Dataset below:

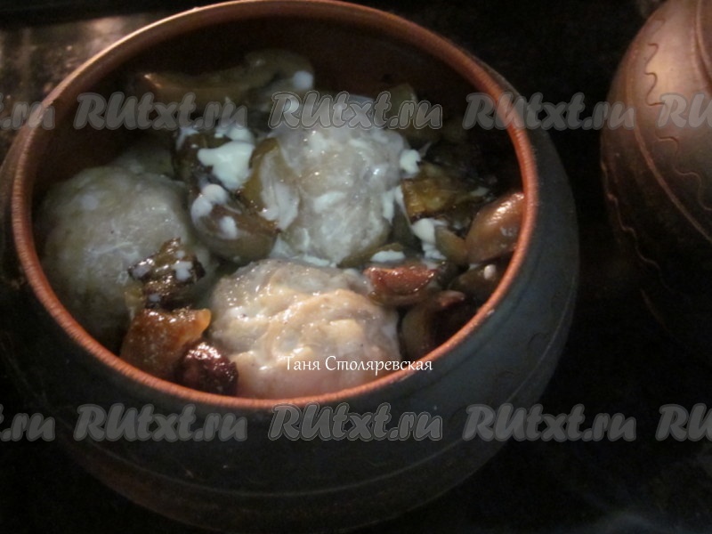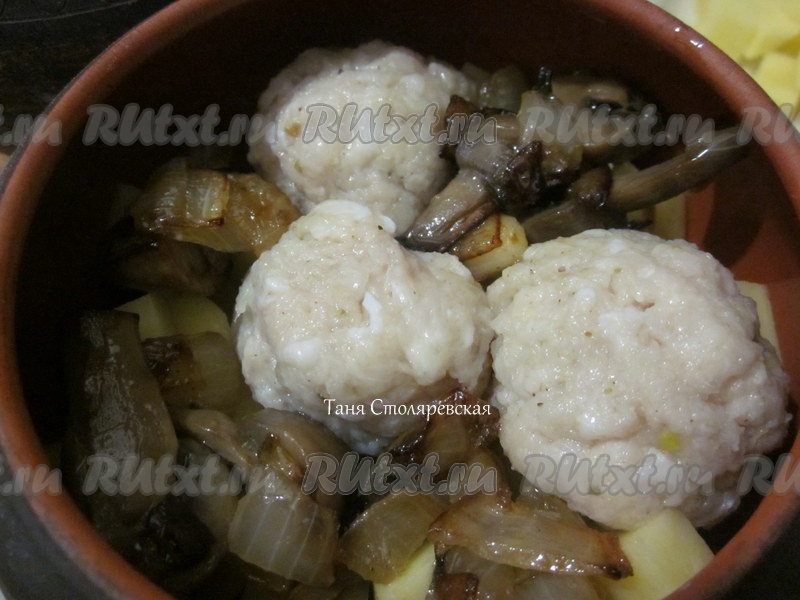 Положить в горшочки картошку, фрикадельки, грибы и посолить.
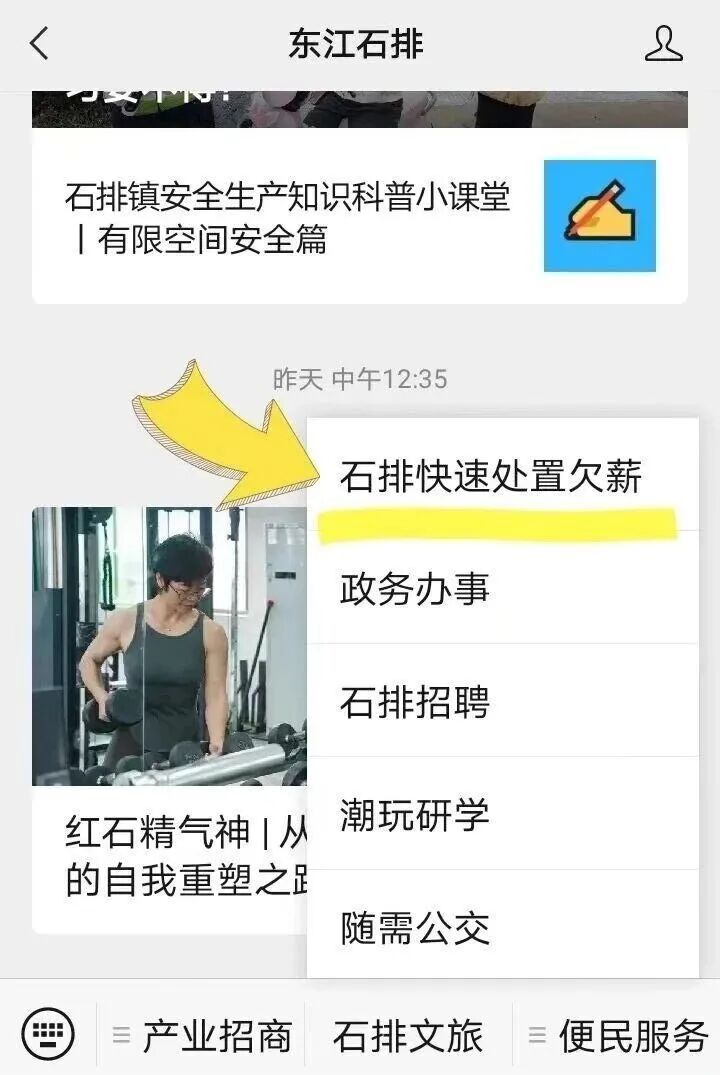 △东江石排菜单栏也可直接进入“石排快速处置欠薪”
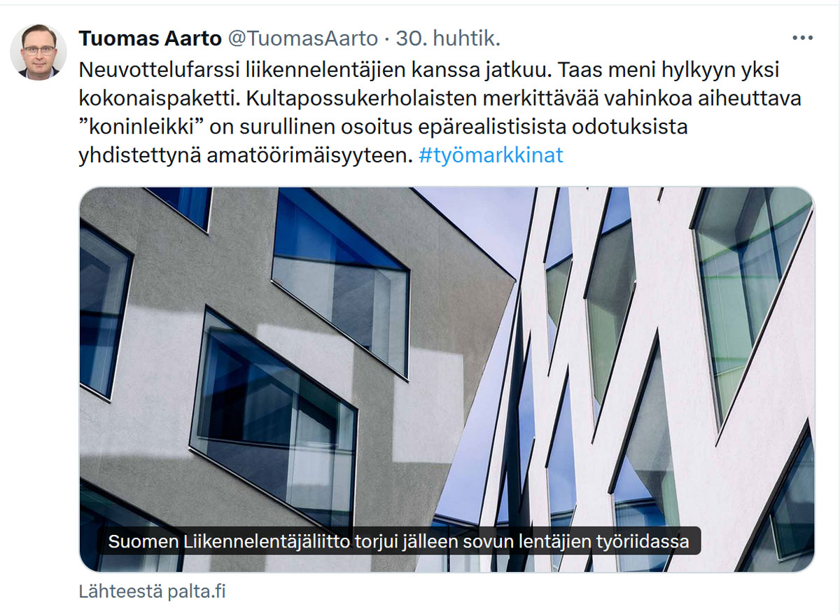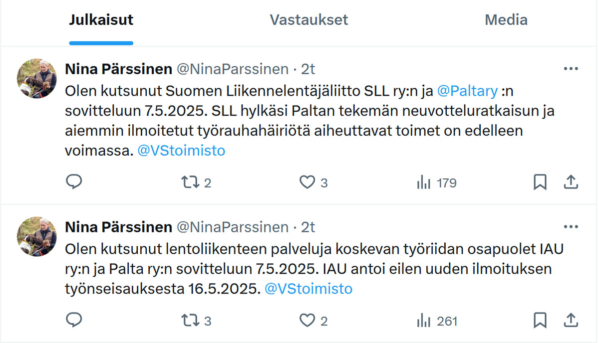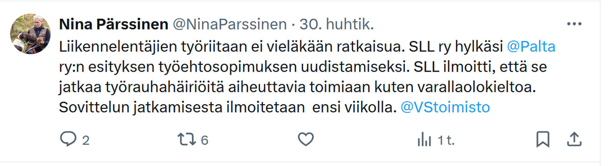 Sovittelija Pärssinen otti kantaa työriitaan X:ssä: "Liikennelentäjien työriitaan ei vieläkään ratkaisua. SLL ry hylkäsi Palta ry:n esityksen työehtosopimuksen uudistamiseksi. SLL ilmoitti, että se jatkaa työrauhahäiriöitä aiheuttavia toimiaan kuten varallaolokieltoa. Sovittelun jatkamisesta ilmoitetaan ensi viikolla".
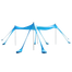 The beach canopy is perfect for beating Kuwait's heat! It measures 3 x 3 meters in width and depth, with a height of 2 meters. It includes 8 sandbags for stability against windy conditions. The cloth is made from 12% lycra and 88% terylene, and the poles are made of aluminum, ensuring great durability. It comes in a sky blue color.
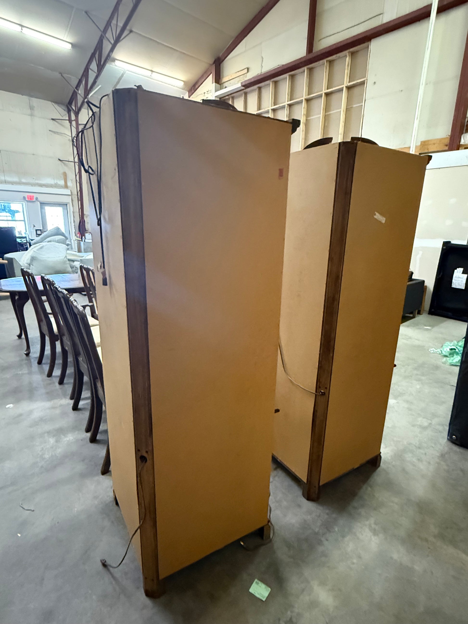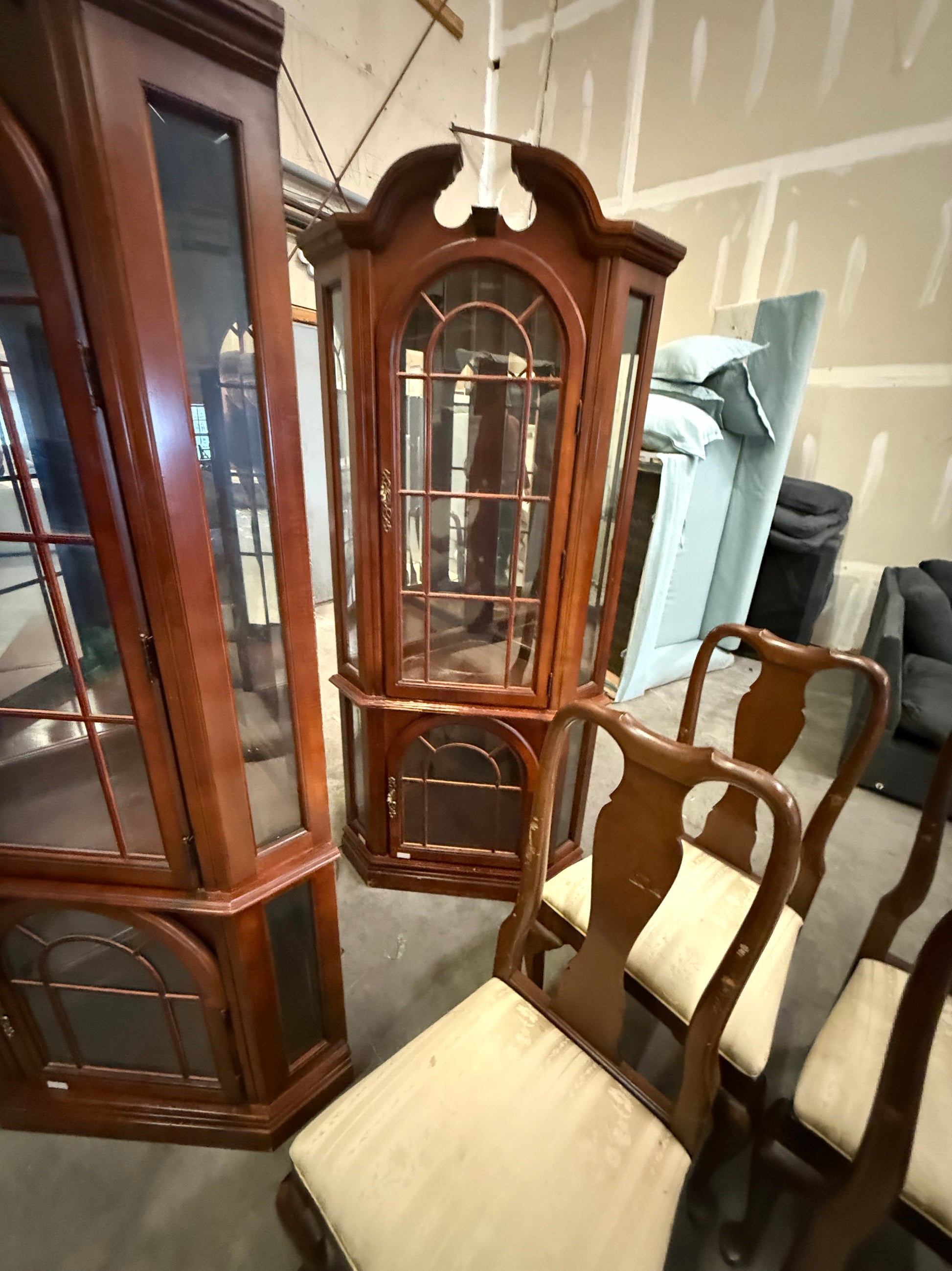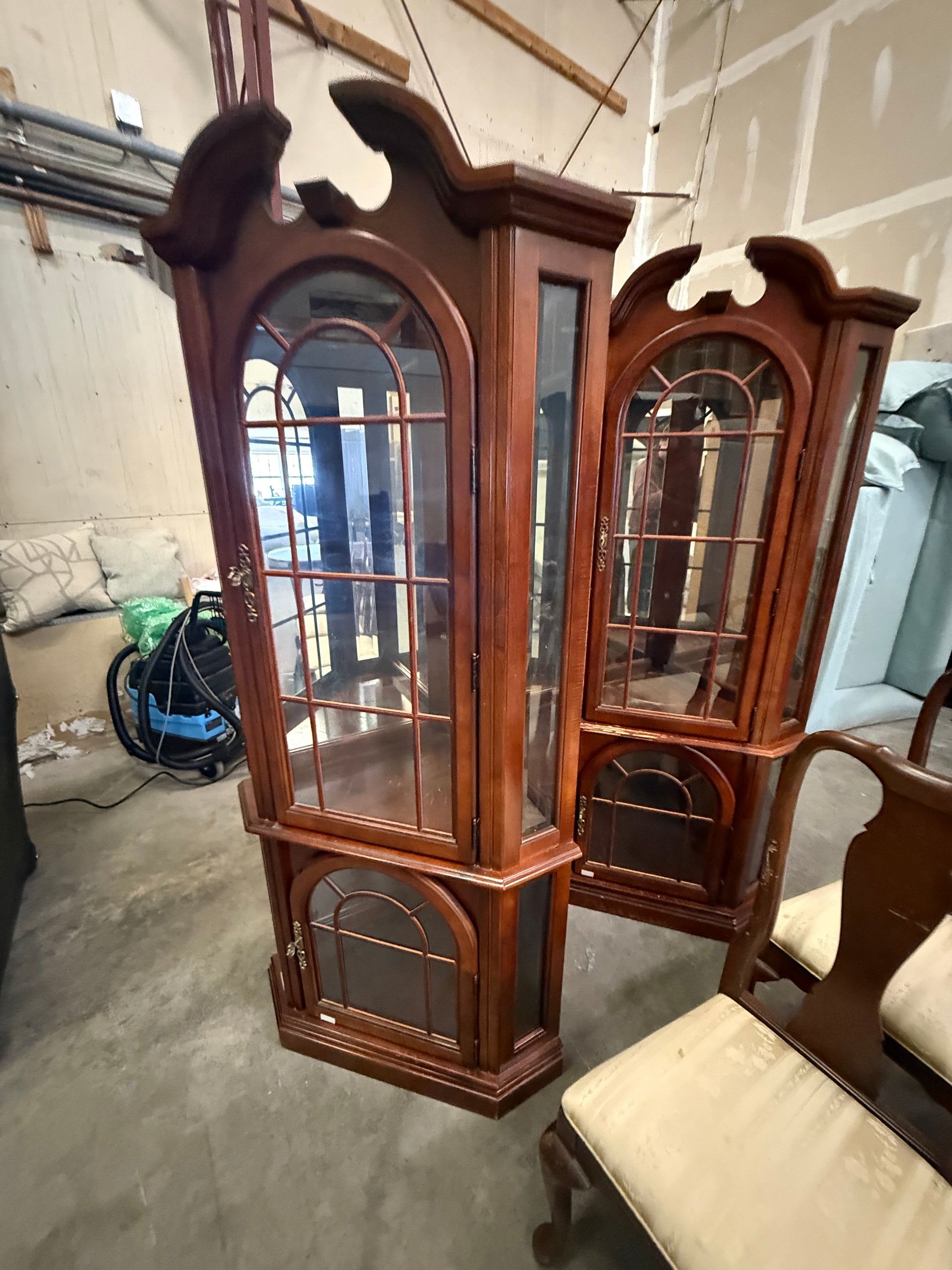 -good condition overall, includes small points that arent in photo, cherry wood, matcing set, glass shelves, working lights, each has two functioning cabinet doors. I listed a matching Ethan Allen diningroom table set as well.Â

End of Dataset.

Everything from the first line of the records through the line containing "Sovittelija Pärssinen otti" should be repeated exactly, with the pictures left out.

*Exercise answer*
 Положить в горшочки картошку, фрикадельки, грибы и посолить.
 △东江石排菜单栏也可直接进入“石排快速处置欠薪”
 Sovittelija Pärssinen otti kantaa työriitaan X:ssä: "Liikennelentäjien työriitaan ei vieläkään ratkaisua. SLL ry hylkäsi Palta ry:n esityksen työehtosopimuksen uudistamiseksi. SLL ilmoitti, että se jatkaa työrauhahäiriöitä aiheuttavia toimiaan kuten varallaolokieltoa. Sovittelun jatkamisesta ilmoitetaan ensi viikolla".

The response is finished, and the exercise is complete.